In the previous session you considered the concept of affordances which emphasises the functional aspects of outdoor environment (effectively human use value). You learned how natural features can tend to be absent from the outdoor spaces regularly accessed by young children due to health and safety concerns. However, children need to see the value of natural environments for their own sake (in relation to biodiversity) and adults need to consider how this can be maximised. Previously in this session, Jan White has argued a need to move away from seeing outdoor spaces as playscapes and instead view them as gardens to be tended with care. Moore and Cosco (2014) go further and suggest they can be understood as sites for land restoration. The implication is clearly that natural elements need to be built back into the design of the outdoor spaces for the youngest children if they are to grow up green.

The understanding of nature as risky, as discussed in previous sessions may encourage adults to take a surveillance role when outdoors.
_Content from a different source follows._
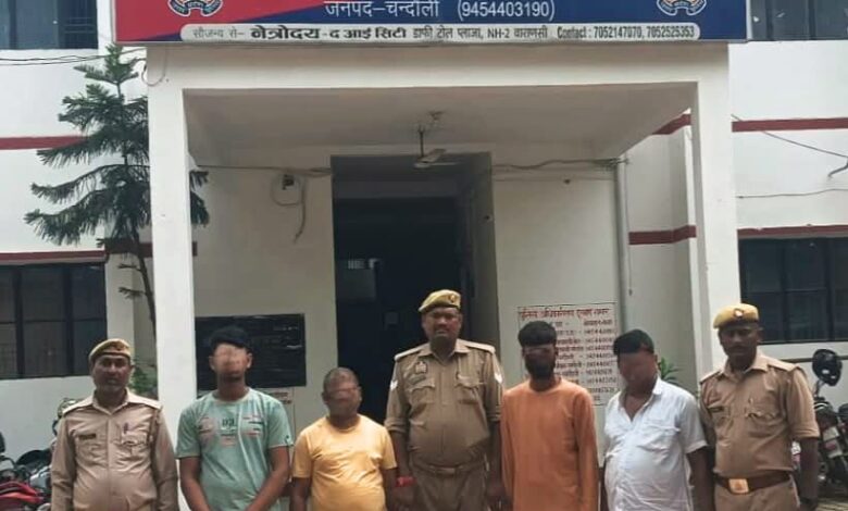 चन्दौली,सैयदराजा: आदित्य लांग्हे पुलिस अधीक्षक चन्दौली द्वारा अपराध व अपराधियों के विरुद्ध प्रभावी कार्यवाही हेतु दिये गये निर्देशो के अनुपालन मे चलाये जा रहे अभियान के क्रम में अनन्त चन्द्रशेखऱ (आई.पी.एस.), अपर पुलिस अधीक्षक सदर व देवेन्द्र कुमार, क्षेत्राधिकारी सदर के कुशल पर्यवेक्षण/मार्गदर्शन में विन्देश्वर प्रसाद पाण्डेय प्रभारी निरीक्षक थाना सैयदराजा द्वारा गठित टीम द्वारा थाना सैयदराजा क्षेत्र में दिनांक 07.08.2025 को कस्बा सैयदाराजा मे दो समुदायो के बीच हुए मारपीट, गाली गलौज तथा छेडखानी में पंजीकृत मु0अ0सं0 222/2025 धारा 76/118(2)/115(2)/ 352/351(2)/191(2) बीएनएस में 04 वांछित अभियुक्तो को मनराजपुर जाने वाले मुख्य मार्ग से आज दिनांक 09.08.2025 को समय करीब 13.40 बजे गिरफ्तार किया गया। गिरफ्तारी के आधार पर आवश्यक कार्यवाही की जा रही है।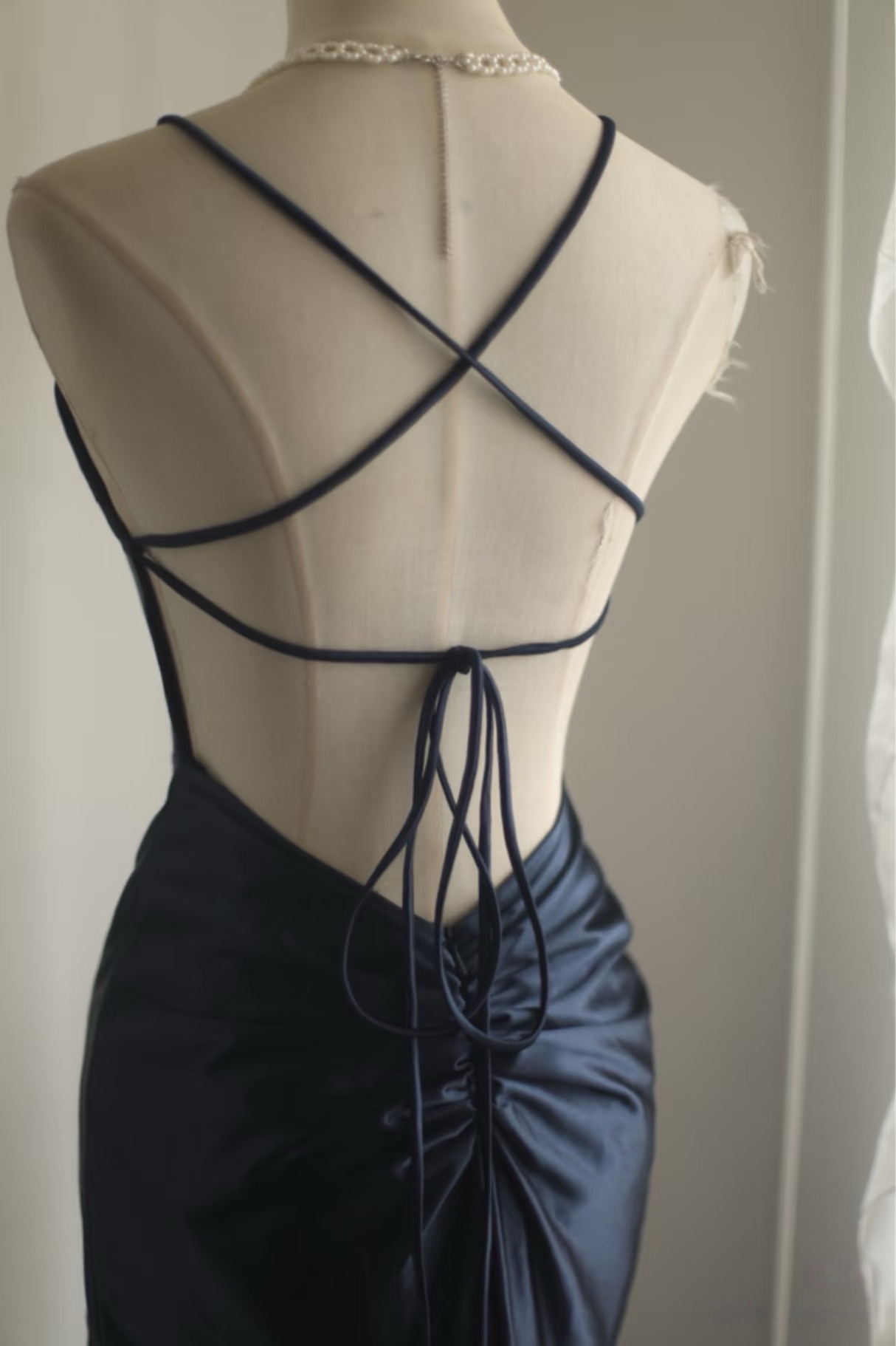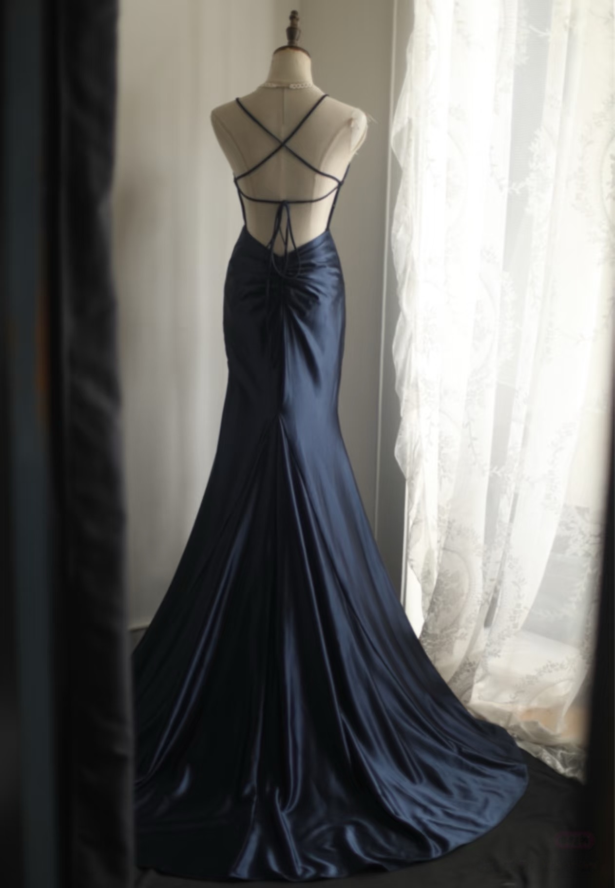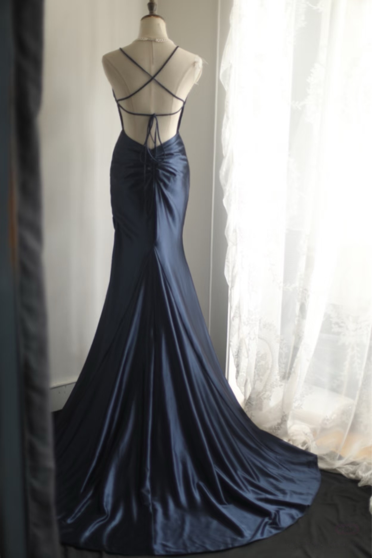 Navy Blue V Neck Mermaid Backless Back Lace up Satin Prom Dresses

One manager Kemp and Josephidou spoke to referred to it as ‘meerkating’ when adults stand around waiting to intervene and sort out problems. In contrast, Froebel promotes a pedagogy based on close observation of the child and their interests arguing ‘nothing, therefore, is left for us to do but to bring him [sic] into relations and surroundings’ (pp. 10–11). This observational approach is evident in the work of Hall et al. (2014) and provides a potential contemporary model for practitioners to be ‘attentive and responsive’ adults (Bento and Dias, 2017, p. 159) who closely observe children interacting with their environment. Hall et al. (2014, p. 202) add that ‘children’s developmental growth in outdoor spaces is supported when adults themselves delight in the learning that occurs in the natural world’.